人間界以外の五界で、手に負えない犯罪者や界を跨ぐ悪事の疑いがある場合、各界の王や司法を司る者は報告の義務がある。
帝釈天は天界の軍部と警察の長を兼任していた。
優に二メートルはあるかと思われる巨体、恰幅もあるが無駄な肉はついておらず、肉戦タイプの神だ。
だが、その横綱のような体に纏うのは、天界人が多く身に付ける白地に金縁の美しい衣。そのうえ宝石類もがちゃがちゃと付けている派手な男だった。
阿修羅は、今回起こった不可解な事態に、ピカラを帝釈天の元に送った。
「後程、阿修羅王も天界に来られるとのことです」
「そうか。ご苦労だったな。その悪鬼はP―35の房に入れておいてくれ」
帝釈天は天界の万華鏡を覗く。こちらは修羅界王邸にあるものよりも一回り大きく、精度も高い。
「ふふ。阿修羅が来るか。梵天には黙っておくかな」
万華鏡で修羅界を覗きながら、帝釈天は顎を大きな右手で擦る。
「誰に黙っておくのかな」
勤務場所とはいえ、長官の部屋である。そんなに簡単には入れないのだが、例外はあった。
「あ、これは梵天様」
帝釈天は恭しく首を垂れた。
「貴方は少し阿修羅王に固執しすぎる。あれをあまり刺激しないでもらいたい」
梵天と呼ばれたやや丸みのある神は、部屋に備え付けの豪華なソファーに座る。
帝釈天の秘書がささっとお茶を持ってきた。梵天は天界の最高神である。六界の長であり司法の長だ。身長は帝釈天よりだいぶ低いが、優雅な身のこなしと知的なふるまいは、最高神たる尊敬を受けるに値する。
「いや、それは失礼しました。

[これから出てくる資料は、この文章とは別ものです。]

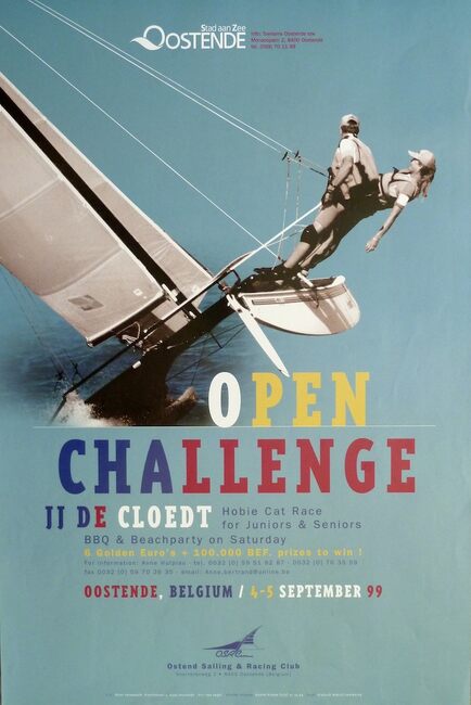Formaat : 60 x 40 cm. Hobie Cat Race for Juniors & Seniors. BBQ & Beachparty on Saturday. 6 Golden Euro's + 100.000 BEF. prizes to win!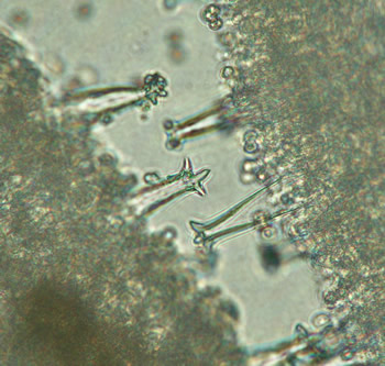 pleurocystidia, sterile cells which cover the gill surfaces.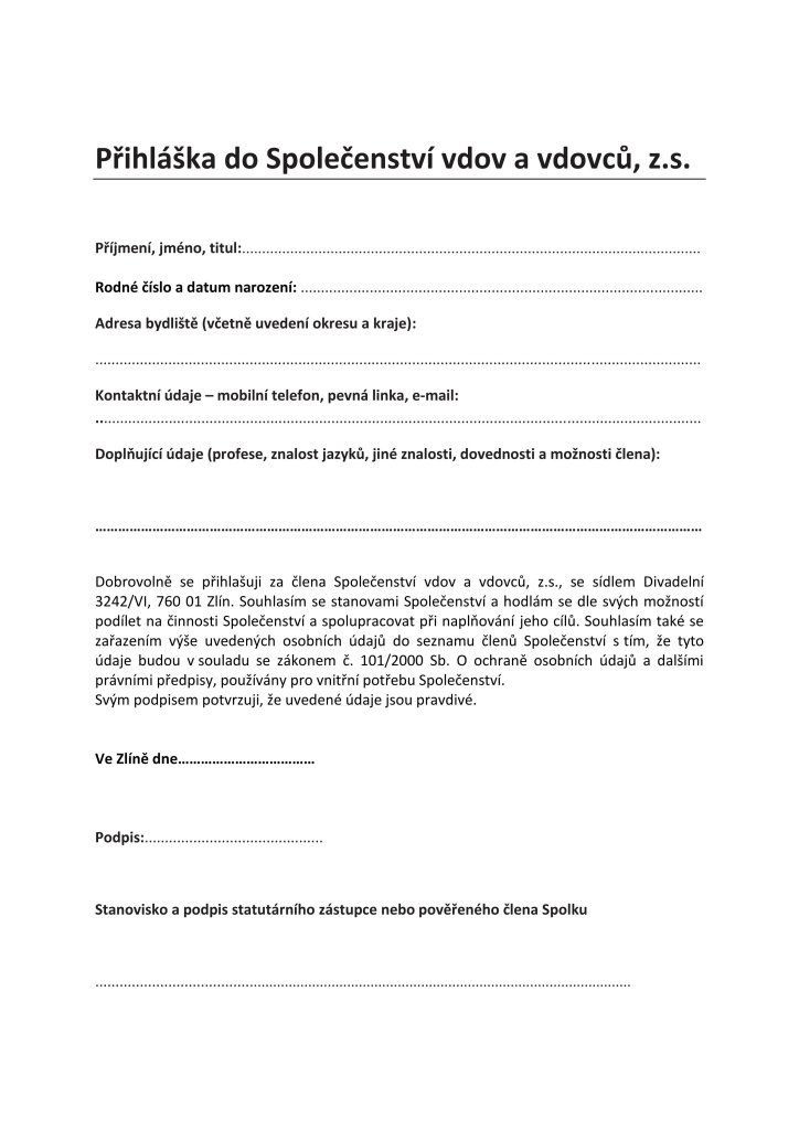 Přihláška za člena Spolku Vdov a Vdovců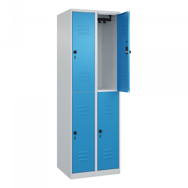 Entdecken Sie den hochwertigen Spind Classic Plus in lichtblau und lichtgrau, Modellnummer 080300-20-S10004. Dieser doppelstöckige Spind bietet Ihnen mit seinen 4 Schließfächern (je 2 Fächer pro Abteil) ausreichend Stauraum für Ihre Utensilien. Der Korpus besteht aus stabiler Stahlkonstruktion und ist mit einer hochwertigen Einbrennbeschichtung versehen, die hohe UV- und Korrosionsbeständigkeit garantiert.

性ですかね。美しいモノを見るとつい。以後気を付けます」
お茶をすすりながら、梵天は帝釈天の目を見る。何事も見透かされるような目である。ゆっくりと帝釈天は目を反らした。
「ところで、修羅界から送られてきた、その罪人はどうなのだ」
「そうですね。確かに気になるところです。何でも、諜報部隊の拷問中に首を折られたと」
向かい側の椅子に座ると、帝釈天も湯飲みを手にする。
「ふむ。つまり、暴露しそうになったら、首が折れるように術がかけられていたということか」
「そのようですな。もうすぐ阿修羅王自らこちらに出向くということです。同席されますか?」
「そのために来たのだが?」
梵天は表情も変えずに言った。この世界で起こっている不審なことは、漏れなく耳に入っている。そう言いたげだ。帝釈天は誰にも聞こえないように舌打ちをした。
「じゃあ、行ってくる」
修羅王邸、阿修羅は剣をしっかりと腰に携えると流道の前に立った。
「おう、気をつけてな」
ようやく顔の腫れも引き、いつもの元気を取り戻したリュージュが声をかけた。座禅を組んで、なにやら呪文らしきものを唱えている。

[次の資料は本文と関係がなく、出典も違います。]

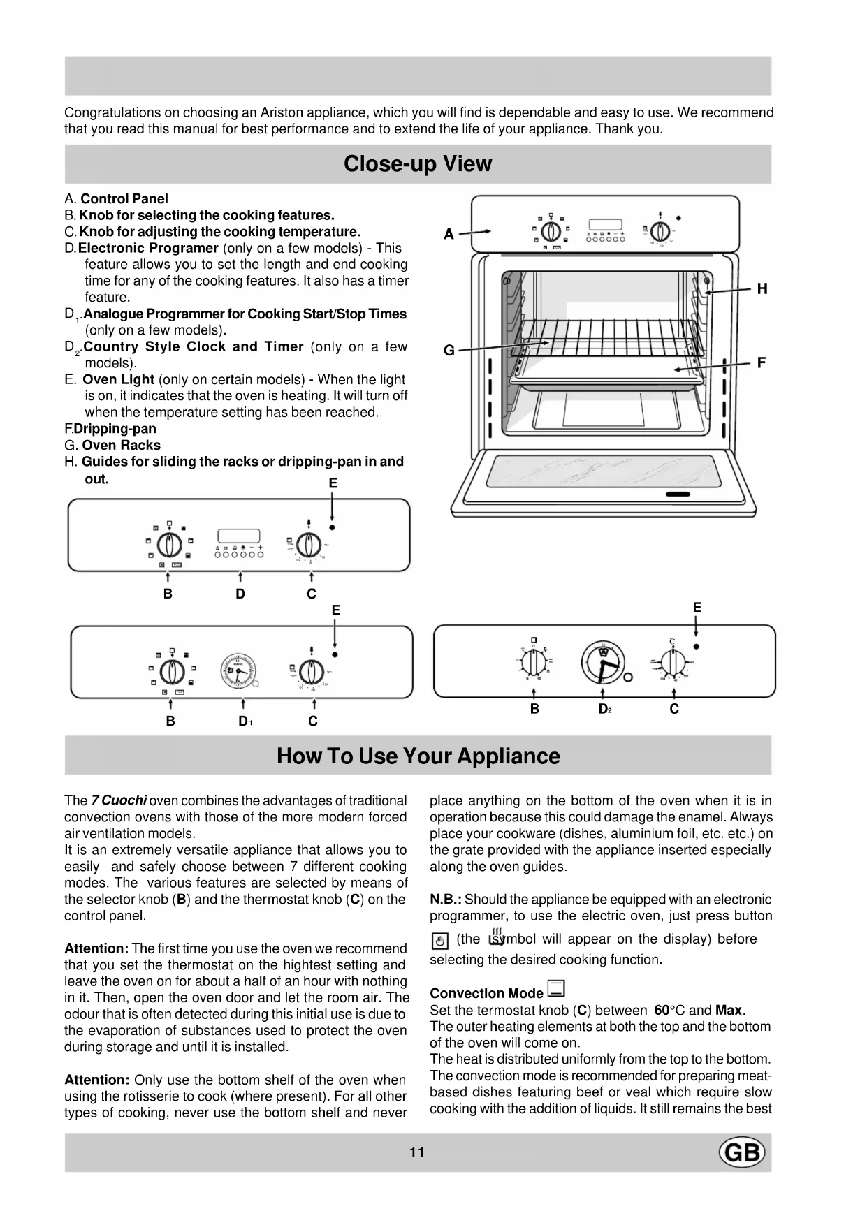 .Country Style Clock and Timer (only on a fewmodels).E. Oven Light (only on certain models) - When the lightis on, it indicates that the oven is heating. It will turn offwhen the temperature setting has been reached.F. Dripping-panG. Oven RacksH. Guides for sliding the racks or dripping-pan in and out. How To Use Your Appliance The 7 Cuochi oven combines the advantages of traditionalconvection ovens with those of the more modern forcedair ventilation models.It is an extremely versatile appliance that allows you toeasily and safely choose between 7 different cookingmodes. The various features are selected by means of the selector knob (B) and the thermostat knob (C) on the control panel.Attention: The first time you use the oven we recommendthat you set the thermostat on the hightest setting andleave the oven on for about a half of an hour with nothingin it. Then, open the oven door and let the room air. Theodour that is often detected during this initial use is due tothe evaporation of substances used to protect the ovenduring storage and until it is installed.Attention: Only use the bottom shelf of the oven whenusing the rotisserie to cook (where present). For all othertypes of cooking, never use the bottom shelf and neverplace anything on the bottom of the oven when it is inoperation because this could damage the enamel. Alwaysplace your cookware (dishes, aluminium foil, etc. etc.) onthe grate provided with the appliance inserted especiallyalong the oven guides.N.B.: Should the appliance be equipped with an electronicprogrammer, to use the electric oven, just press button (the symbol will appear on the display) beforeselecting the desired cooking function.Convection Mode Set the termostat knob (C) between 60°C and Max. The outer heating elements at both the top and the bottomof the oven will come on.The heat is distributed uniformly from the top to the bottom.The convection mode is recommended for preparing meat-based dishes featuring beef or veal which require slowcooking with the addition of liquids. It still remains the best

「ああ、おまえもしっかり鍛錬しておけよ。今度の敵は強敵らしいからな」
どことなく弾む声で答えると、流道の中へ消えていった。
「どう思う? 白龍」
一緒に鍛錬をしていた白龍にリュージュが尋ねる。
「王はここに来て数年。暇こそなかったですが、物足りなかったのかもしれません。何せ、向かうところ敵無しですから。昨日の失態も油断からでしょう」
失態。と聞いて、リュージュはまた頬の痛みを思い出した。
「つまり今は、嬉しくて仕方ないってわけか」
白龍は頷きながら答える。
「オーラを見ればわかります。いつもは透明か水色ですが、今は赤が混ざっています。戦闘態勢の時は真っ赤に燃え上がりますが、それに近いってわけですよ」
――ついでに言うと、仏陀様といる時は、桃色からこれまた真っ赤になるんですけどね――
と心で付け加えた。
阿修羅は自らの凄まじいオーラをコントロールすることで、攻撃や防御をより強烈なものにできた。攻撃ではオーラを剣に乗せ、滅多にやらないが、炎や光、雷といったものに変化させられる。

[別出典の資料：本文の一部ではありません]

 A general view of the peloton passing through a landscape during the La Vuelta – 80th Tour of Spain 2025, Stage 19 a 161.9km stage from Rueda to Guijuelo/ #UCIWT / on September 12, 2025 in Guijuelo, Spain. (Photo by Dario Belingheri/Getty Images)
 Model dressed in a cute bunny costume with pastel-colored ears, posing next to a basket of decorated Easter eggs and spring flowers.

また守備では、狙われたところに集中させることで、打撃を防ぐ。ピカラに腹を蹴られたときも、阿修羅はオーラを瞬時に腹に集中させたので、大した痛みはなかったのだ。
ちなみに、今リュージュが鍛錬しているのもオーラの固定とコントロールである。阿修羅は人間であった時も、このオーラの量が尋常でなかった。そのためあれほど圧倒的に強かったのだ。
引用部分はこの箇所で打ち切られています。